Son olarak, cesaretle konuşmana yardım etmesi için Tanrı’ya dua edebilirsin. (Resullerin İşleri 4:29, 30) Resul Pavlus bu konuda Tanrı’nın yardımını bizzat gördü. O I. Selânikliler 2:2’de şunları söylüyor: “Size Allahın incilini çok ceht ile [şiddetli karşı koymalara rağmen, Yeni Çeviri] söylemek üzre Allahımızdan cesaret aldık.” Bir başvuru kitabına göre bu ifade şöyle tercüme edilebilir: “Tanrı yüreklerimizden korkuyu aldı.” Öyleyse neden sen de Tanrı’ya dua edip ‘yüreğinden korkuyu almasını’ istemeyesin?

Kendini Bir Şahit Olarak Tanıt

Bu duayla uyumlu olarak, çok cesur bir adım atabilirsin. Chic adındaki İngiliz bir genç şunu tavsiye ediyor: “Sınıf arkadaşlarınıza İsa’nın bir takipçisi olduğunuzu söyleyin.” Herhalde İsa’nın ‘gizli bir takipçisi’ olmak istemiyorsun. Rebecca isimli bir genç, eskiden, vaaz etme işi sırasında tanıdığı biriyle karşılaşmanın onu çok korkuttuğunu itiraf etti. Fakat şunu fark ettiğini söylüyor: “Eğer onlara İsa’nın bir takipçisi olduğunu ve kapı kapı gittiğini söylersen bazen ‘peki, bizim kapıya da gelecek misin?’ diye sorarlar.”
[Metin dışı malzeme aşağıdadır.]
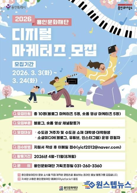 원스텝뉴스 이병희 기자 | 용인문화재단은 오는 3월 24일까지 재단의 다양한 문화·예술사업을 시민의 시선으로 홍보하기 위한 ‘2026 용인문화재단 디지털 마케터즈’를 모집한다고 밝혔다.
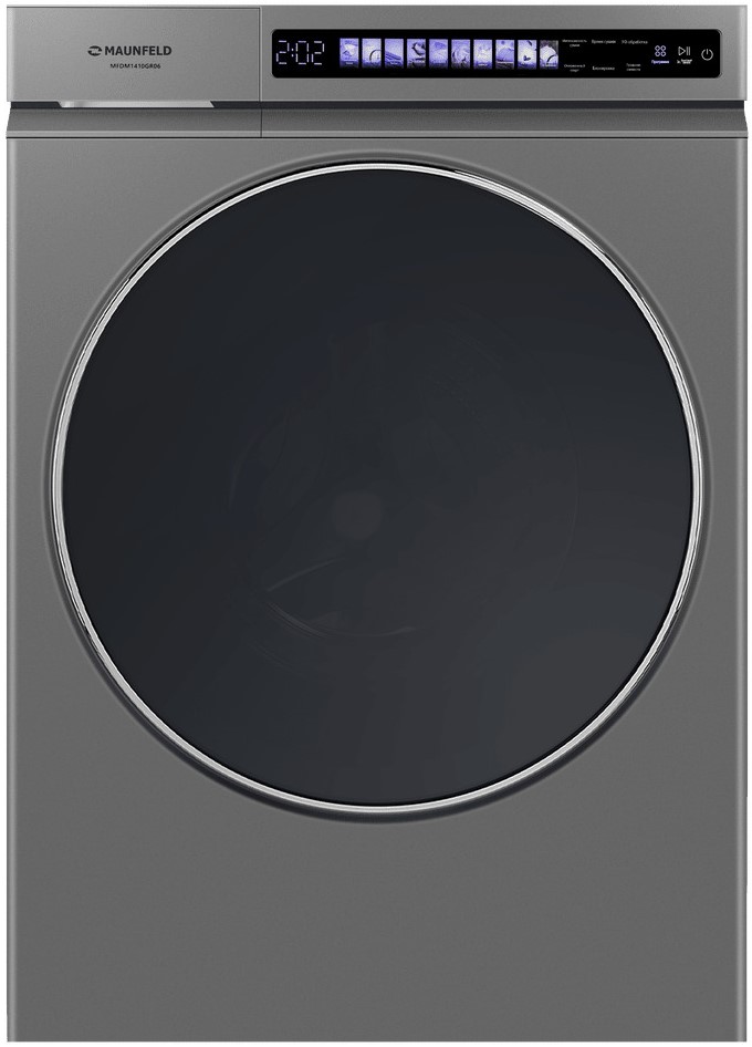 Сушильная машина Maunfeld MFDM1410GR06 представляет собой продуманное сочетание строгой эстетики и практичных технических решений, выполненное в сдержанном сером оттенке, который легко впишется в интерьер современной прачечной или хозяйственной зоны. Высокая тильность корпуса и аккуратные линии передней панели создают ощущение завершённости: прочный барабан из нержавеющей стали с ребрами жёсткости не только придаёт визуальную солидность, но и гарантирует равномерное перемещение белья без заломов и перегибов.
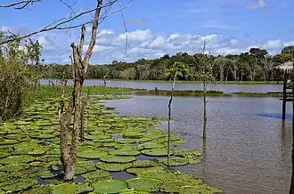 The Negro–Branco moist forests are in the tropical and subtropical moist broadleaf forests biome of the neotropical realm.[1] Vegetation includes flooded and terra firme lowland moist forest, tall or medium-tall campinarana lowland forest, patches of shrubs and herbaceous savanna-like meadows. Forests are typical of the Guiana region, with a different mix of plants from the classical Amazon rainforest. Humiriaceae, Rapateaceae, Tepuianthaceae, Theaceae and Xyridaceae are common families that do not belong to the Amazon flora. The forests hold relatively few epiphytes or lianas compared to other parts of the western Amazon region.[4]
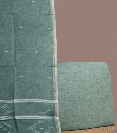 Green – 2pc Handloom Cotton Dupatta and Handloom Soft Cotton Top Fabric Set
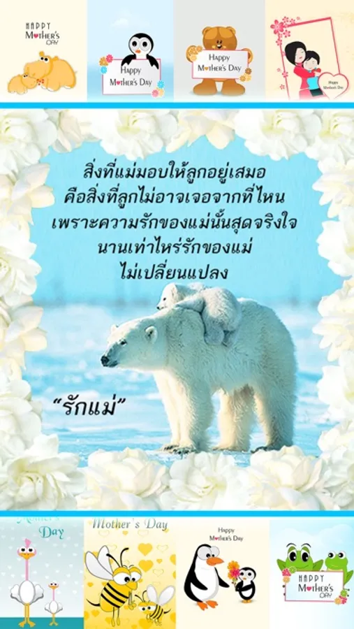 สำหรับแชร์และส่งให้คุณแม่ แชร์เป็นภาพผ่านทางแอปโซเชียล เช่น Facebook , ไลน์ , Twitter , Google+ , Instagram และอื่นๆ

Fakat neden tesadüfen karşılaşıncaya kadar bekleyesin? Okulda inancından söz etmek için fırsatlar ara. Pavlus’un sorduğu soruları unutma: “İşitmedikleri zata nasıl iman edecekler? Ve vâzeden olmaksızın, nasıl işitecekler?” (Romalılar 10:14) Sınıf arkadaşlarının işitmesine en iyi sen yardım edebilirsin. Iraida adındaki bir genç şunları söyledi: “Okul sadece bizim ulaşabileceğimiz bir vaaz etme sahasıdır.” Böylece çoğu genç çeşitli fırsatlarda vaaz ederek, öğrenci olmanın avantajından yararlanıyor.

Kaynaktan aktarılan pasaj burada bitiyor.